Le gouvernement assure pour sa part, vouloir améliorer les conditions des travailleurs mais ne propose encore que de de timides mesures.
"Nous allons faire ce que nous pouvons. Nous allons par exemple augmenter les allocations par enfant. Nous allons travailler pour que le nouveau code de prévoyance sociale soit adopté", a promis Jean De Dieu Maharante.
Abondant dans le même sens, il a par ailleurs certifié sans préciser de date: "Nous allons bientôt signer une convention avec l'Organisation internationale du travail (OIT) sur cette problématique du travail décent. Cela montre la volonté du gouvernement de promouvoir le travail décent."

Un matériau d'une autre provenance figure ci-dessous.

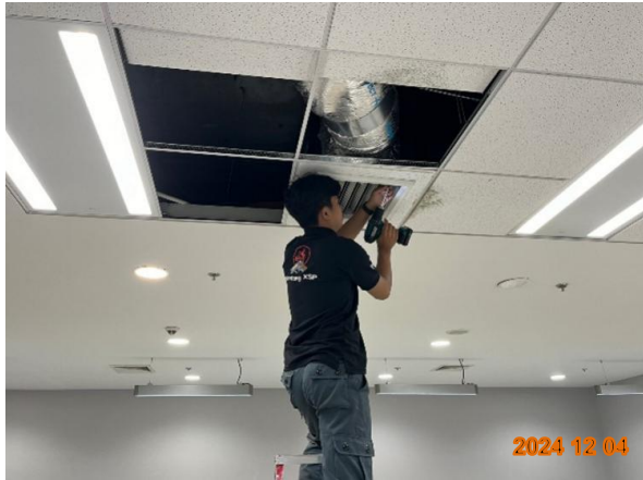
รูปที่ 2-51 ตรวจสอบการรั่วของท่อลม

En janvier dernier, le Fonds monétaire international (FMI) avait qualifié ,dans un communiqué, Madagascar de «l'un des pays les plus pauvres du monde, avec un environnement fragile en raison de l'instabilité politique, de la faiblesse des institutions et de la gouvernance qui avaient érodé la base, indispensable pour une croissance économique solide.»
Dans le même temps, le fonds avait indiqué que le «gouvernement qui a assumé le pouvoir au début de 2014, à la suite d’élections constitutionnelles, a montré un engagement pour relever les défis de Madagascar vers la croissance et le développement.» et a donc appelé à «une accélération des réformes économiques et structurelles pour libérer le grand potentiel de Madagascar ».
"Une mise en œuvre résolue de ces réformes fera la promotion de l'emploi et la croissance du secteur privé et réduira la pauvreté" conclut le document.